For example, Zimbabwe has become a symbol of hyperinflation, resulting from government currency manipulation in 2007 and 2008. The Zimbabwe Stock Exchange remains tiny, with just 65 listed securities.
Yet, our “on the ground” research in Zimbabwe identified a company whose management team has consistently navigated through challenging times. This company, Innscor Africa Ltd., has developed an efficient vertical integration of the nation’s food chain – from farms to snack foods. Although the company’s revenues declined when the local currency collapsed in 2008, its resourceful managers have doubled sales (measured in dollars) over the past two years, and the company has become an even more dominant part of Zimbabwe’s consumer economy. To fully appreciate the strengths and achievements of a company such as Innscor Africa, local market knowledge and resources are essential.
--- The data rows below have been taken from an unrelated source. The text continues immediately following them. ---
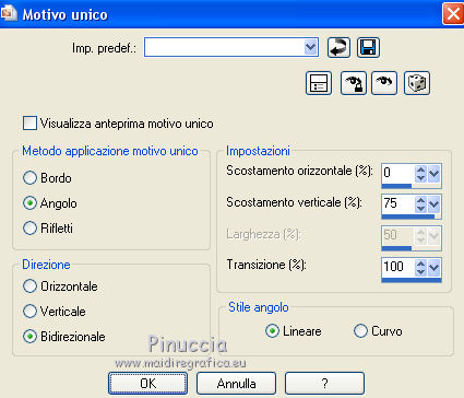 Effetti>Effetti di immagine>Motivo unico, con i settaggi standard.
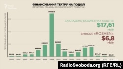 Табличка на стіні Театру на Подолі урочисто повідомляє, що будівлю реконструйовано та обладнано коштом компанії «Рошен». За даними компанії, це 174 мільйони гривень або, за курсом на час фінансування, 6,8 мільйона доларів. Тут могла б бути ще одна табличка, в якій ішлося б про 17 мільйонів зібраних із киян податків, але про це вирішили не повідомляти.
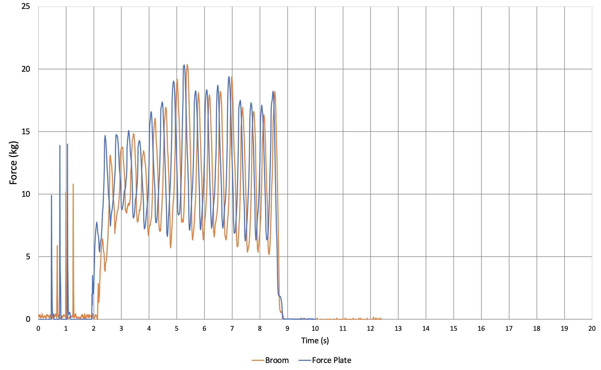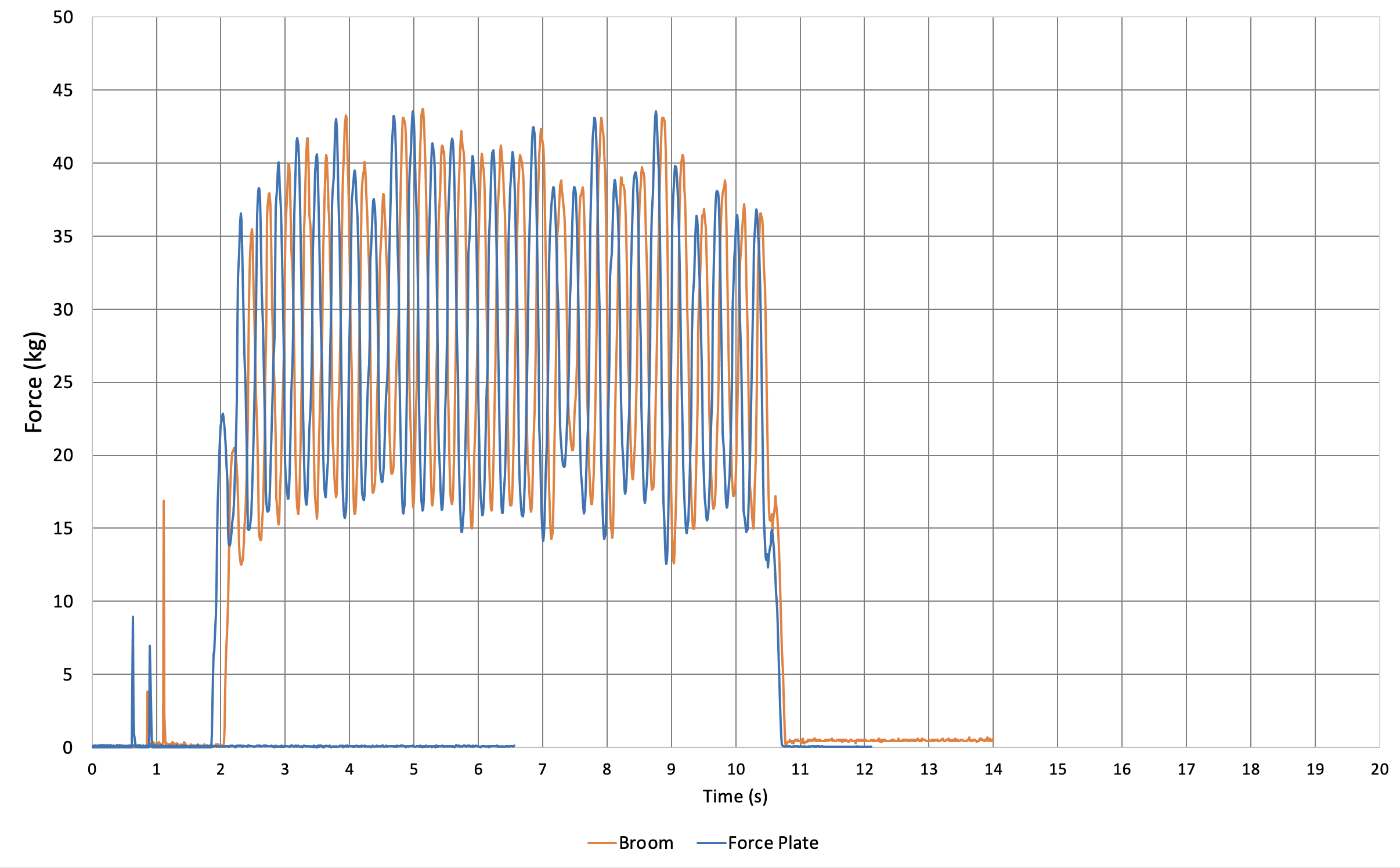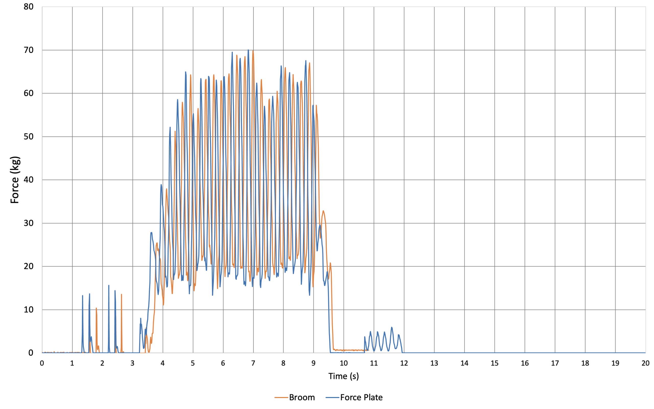 Comparison of CurlSmart output for this bout to that recorded by the force plate. The time series is deliberately offset by approximately 1/10 second so that one can more easily compare the force values recorded by the brush with those recorded by the force plate. This plot uses a brush calibration constant of 0.85 that results in an error of 1.4% for the maximum force value attained during the bout.

In most markets around the globe, active managers tend to outperform indices during stock market downturns. The reason is intuitive: active managers have more flexibility to adjust to recessions and market sell-offs. Index funds are “flat-footed” and can’t easily respond to scenarios involving rising risk levels.
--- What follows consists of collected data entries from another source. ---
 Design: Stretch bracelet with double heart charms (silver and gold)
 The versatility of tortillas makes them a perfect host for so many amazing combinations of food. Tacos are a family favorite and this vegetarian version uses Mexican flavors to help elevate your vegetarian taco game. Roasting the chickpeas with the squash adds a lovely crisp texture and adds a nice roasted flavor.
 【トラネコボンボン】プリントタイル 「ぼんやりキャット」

We believe this difference is magnified in the frontier markets of Africa because: (1) economic and market cycles tend to be shorter than in developed or emerging markets; and (2) cycles are not highly correlated among the diverse markets of Africa. When risks are rising in one African market, they may be falling in others; and (3) low liquidity levels can make entering and exiting positions challenging, as liquidity rises sharply when sentiment is strong, but disappears equally quickly as the mood sours, often causing stocks to trade below fundamental value, which creates opportunities for skilled active managers.
As risk factors become more complex, the value of risk-conscious active management increases. Our risk-assessment process begins with a comprehensive quantitative macro-economic ranking of all 54 national markets in Africa. Our model helps to evaluate all important risk factors of frontier markets including political, regulatory, structural, inflation and transparency risks.
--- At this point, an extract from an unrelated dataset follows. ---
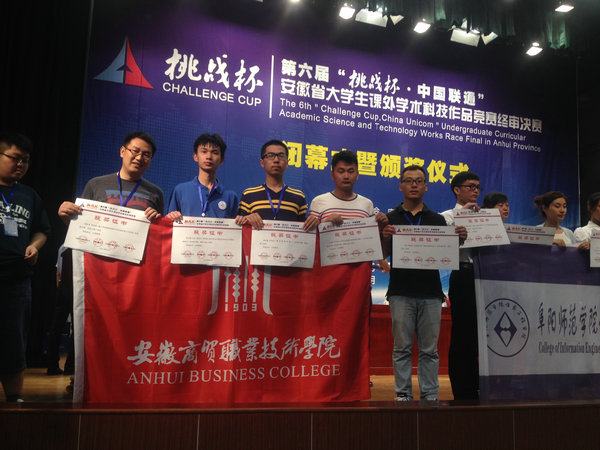 创意与激情共舞,挑战与梦想齐飞。6月4日至6月6日,安徽省第六届 “挑战杯”大学生课外学术科技作品竞赛终审决赛在安徽大学举行。我院参赛的6件作品共获得二等奖2项、三等奖4项。
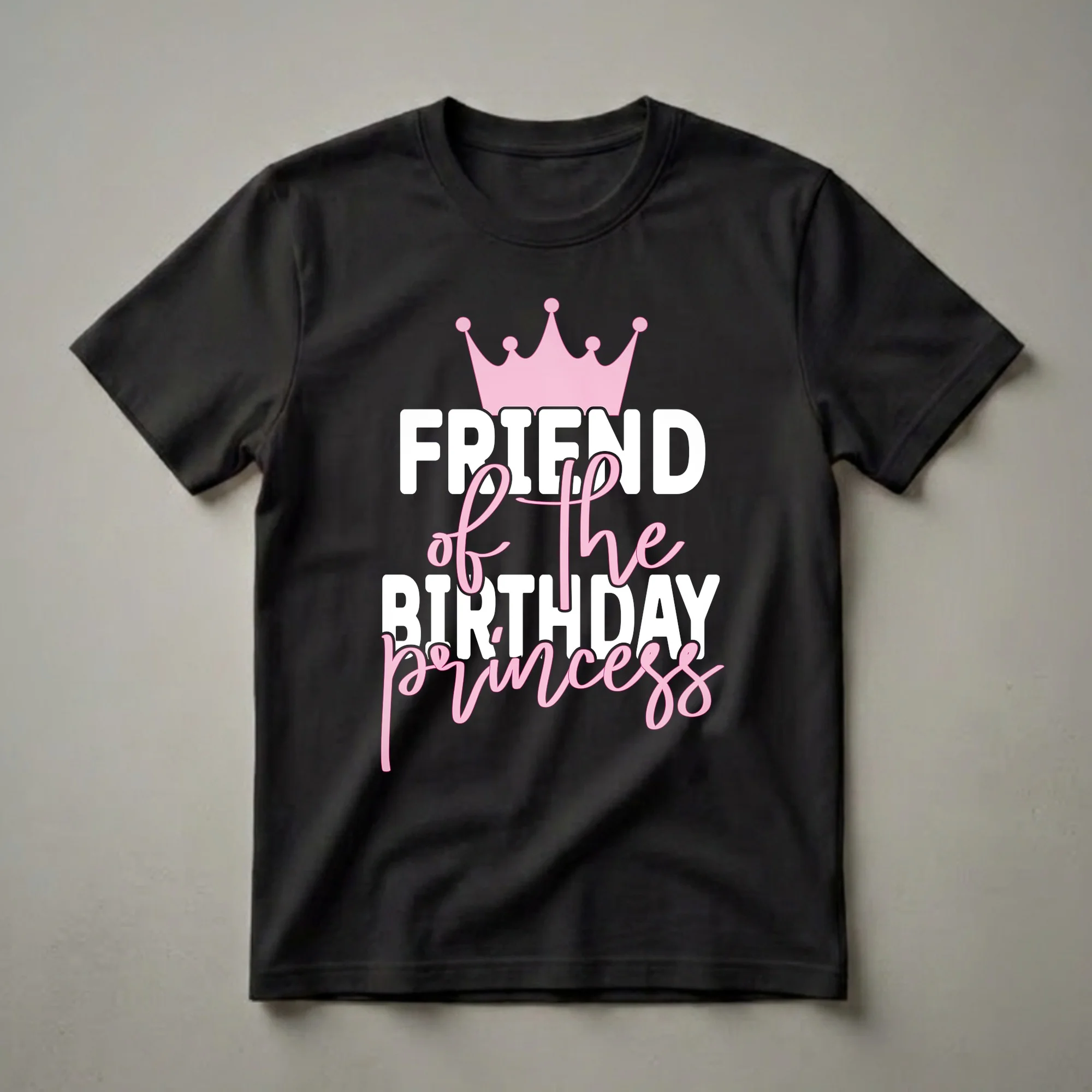 - Features a pink crown and 'FRIEND of the BIRTHDAY princess' text.

Sovereign credit ratings, which can be useful in evaluating risks of developed or emerging markets, have limited value in fast-changing frontier markets. Our model drills down into risk factors that are highly correlated to frontier market risks, such as debt-to-GDP ratios and changes in currency reserves.
For example, over the past few years, Nigeria ranked high in our model’s output because the country has taken advantage of its oil resources to pay down debt and increase currency reserves, which we consider a proxy for national revenues in Africa. However, more recently the country reserves have declined because it is spending more money on infrastructure and a restructuring of its banking system. As active managers, we can make timely shifts in our exposure to Nigeria. By nature, ETFs are not nimble enough to adjust portfolios for such dynamic macro-economic changes.
Investors have the best opportunity to succeed in frontier markets when they have a long-term focus and are patient. The proof of that statement is the long-term performance in markets such as China and India, which would have been classified as “frontier” 20 years ago.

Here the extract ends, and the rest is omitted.